Anyone have a clue as to what I'm doing wrong? Thanks in advance

----------


## dflak

I am fairly certain that I have a workaround for you "in pocket," but let's see if we can get to the real root cause.

Let's start with MS-Query. How are you building the query in Excel?

Then let's look at Crystal Reports. Are you connecting directly to a database or are you running off a query or some other view? Is the view name always the same? Are the field header names always the same (I bet they are since you'd get an error rather than nothing).

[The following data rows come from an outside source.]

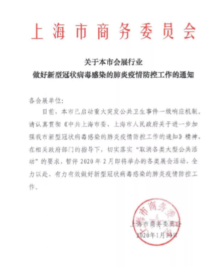 展”主辦方就“新型冠狀病毒所引發的肺炎疫情”相關事宜所發布的最新公告。
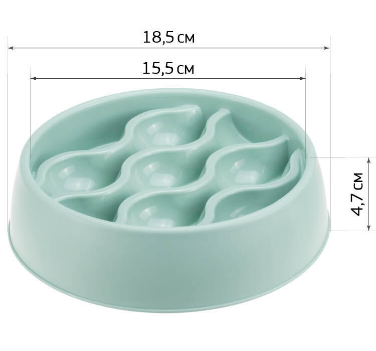Миска для медленного кормления "ВОЛНА М1805" помогает решить проблему быстрого поглощения пищи, которая часто приводит к проблемам с пищеварением. Специальная форма с лабиринтом в виде волн замедляет процесс еды, что способствует лучшему усвоению пищи и предотвращает переедание.
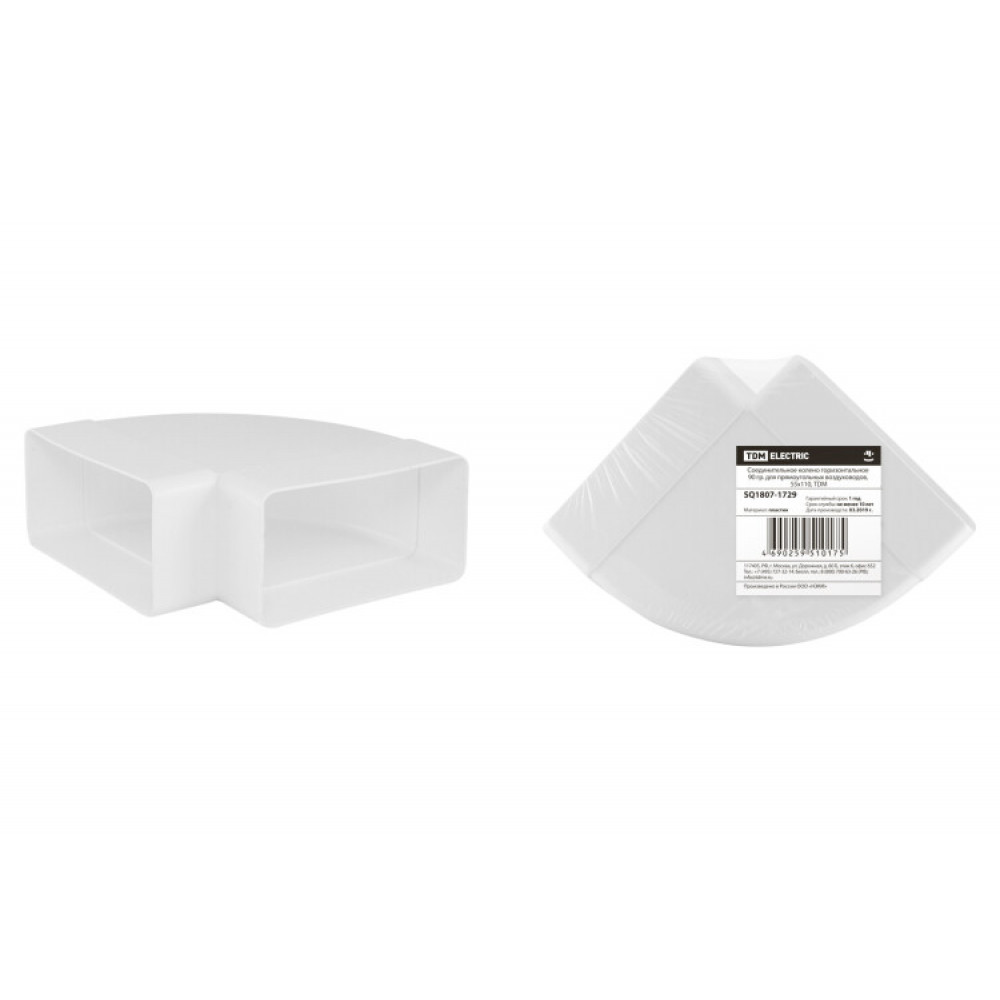 Соединительное колено горизонтальное 90 гр. для прямоугольных воздуховодов, 55х110, SQ1807-1729, Система вентиляционная
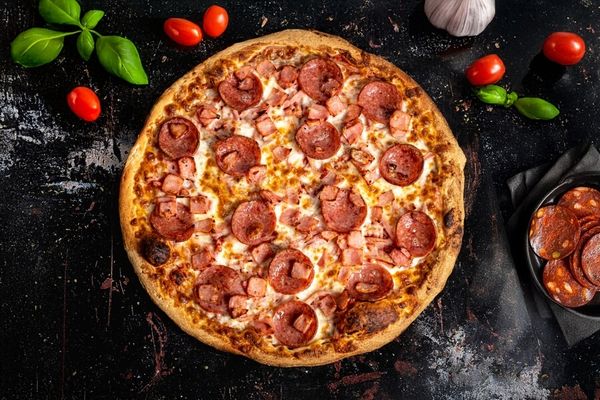Pizza Sauce, Mozzarella, Ham, Bacon & Pepperoni

Download both the connection string and the command string for a newly-created query and one that happens immediately after an open and close and the same when you rebuild another new one. So build a query and check that it works. Capture the two strings. Close the workbook. Open the workbook. According to what you are saying, the refresh doesn't happen. Record these two strings. Then while in the workbook, delete and rebuild the query and record the resulting strings.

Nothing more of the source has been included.